• Data block:
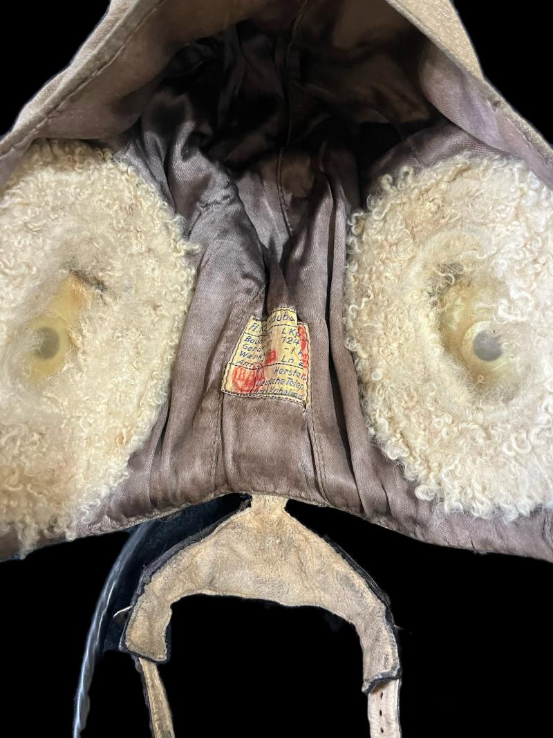 WW2 GERMAN LUFTWAFFE LKP S 101 PILOTS HELMET WITH EARLY THROAT MIC (NAMED EWALD)
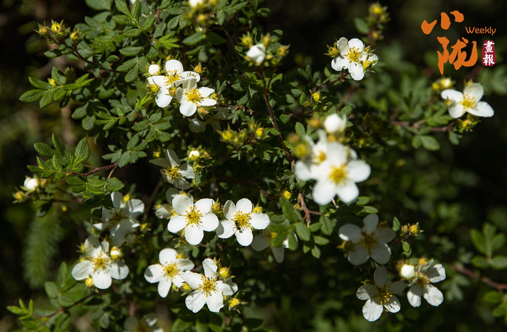 银露梅,属于蔷薇科委陵菜属落叶灌木。它多生长在高海拔的山坡、岩石缝中,叶片羽状分裂,边缘带锯齿,白色小花簇拥开放,花蕊明黄,花期在5-7月,耐寒耐旱,是颇具观赏价值的野生植物。
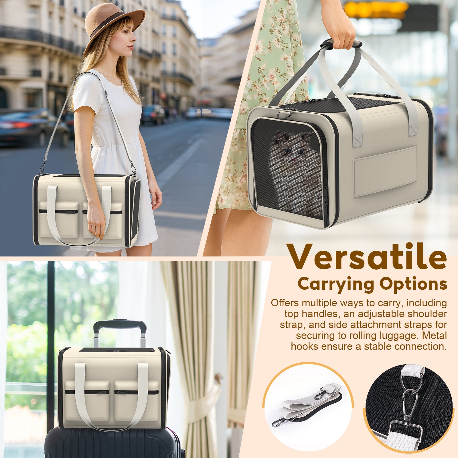LAKWAR Cat Carrier Airline Approved-Pet Carrier for Small Medium Pet Up to 20 Lbs, Soft-Sided Cat Bag Portable Foldable Collapsible Travel Cat Dog Carrier

• What the task asks:
Reprint the whole listing above exactly, taking out the pictures.

• Task solution:
 WW2 GERMAN LUFTWAFFE LKP S 101 PILOTS HELMET WITH EARLY THROAT MIC (NAMED EWALD)
 银露梅,属于蔷薇科委陵菜属落叶灌木。它多生长在高海拔的山坡、岩石缝中,叶片羽状分裂,边缘带锯齿,白色小花簇拥开放,花蕊明黄,花期在5-7月,耐寒耐旱,是颇具观赏价值的野生植物。
LAKWAR Cat Carrier Airline Approved-Pet Carrier for Small Medium Pet Up to 20 Lbs, Soft-Sided Cat Bag Portable Foldable Collapsible Travel Cat Dog Carrier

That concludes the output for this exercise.